GNS does his usual expert job on setting the stage. The village is a very real place and the mountains around it are very easy to put yourself right into. The sketchy chalets couldn’t keep out a raccoon, much less a pack of hungry cannibals. Despite the spacious outdoor setting, a real sense of claustrophobia is achieved. Those cannibals are stealthy. I wonder how many readers would agree with me that GNS purposely set up this narrative with a Psycho-like structure.

Cannibals was first published in 1986 by Arrow Books with a somewhat dull cover of what looks like a dog’s snout. When they reissued it in 1988, they wisely changed it over to a great Les Edwards painting, one that respectfully depicts the cannibals as described in Smith’s prose. That cover was retained for Sheridan’s third printing, I’m happy to say. Smith plus Edwards equals perfection. This one comes highly recommended.

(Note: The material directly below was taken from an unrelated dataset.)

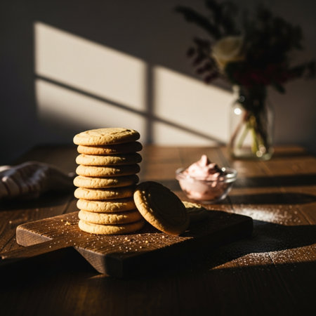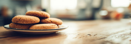 Delicately arranged cookies sit on a small plate atop a rustic wooden table, illuminated by soft natural light entering the room.

The less effective cover for Arrow's first edition.

Saturday, March 26, 2022

The Wood by Guy N. Smith



The Wood
by Guy N. Smith
1985 New English Library
Paperback, 171 pages


A little something different from the master. While he is untouchable with nature-strikes-back novels, it is always interesting to read Smith step outside his comfort zone and stretch his imagination. The Wood isn’t perfect, but GNS always spins a powerful tale and this book goes by very quickly.

Beware Droy Wood when the mist comes in from the sea…

Droy Wood stood between the town and the sea and everybody avoided it. Lots of shit went down there through the years and the past never really went away. The Wood is technically a ghost story… characters from the past who met their demise in the woods hanging around to terrorize and kill the living who are unlucky enough to venture into the woods on a misty night.

Sure, some of this sounds pretty familiar (can you say The Fog?) and despite Smith’s descriptions of the horrors within the woods, the specters really take a back seat to the modern day horror that sets the story into motion, i.e. a rapist/ murderer’s abduction of a woman on a dark, lonely road. It’s hard to take the Nazi ghost and old-timey apparitions in pantaloons too seriously after that grueling scene.

But with the victims, the rapist, ghosts, mind control, dank bogs, befuddled police and small-town fears, there is a lot to keep you going in this book. It’s not as satisfying as a giant cancerous crab, but The Wood  has a lot to offer when you’re in the mood for something different. Be sure to grab the New English Library edition with the nice Les Edwards cover!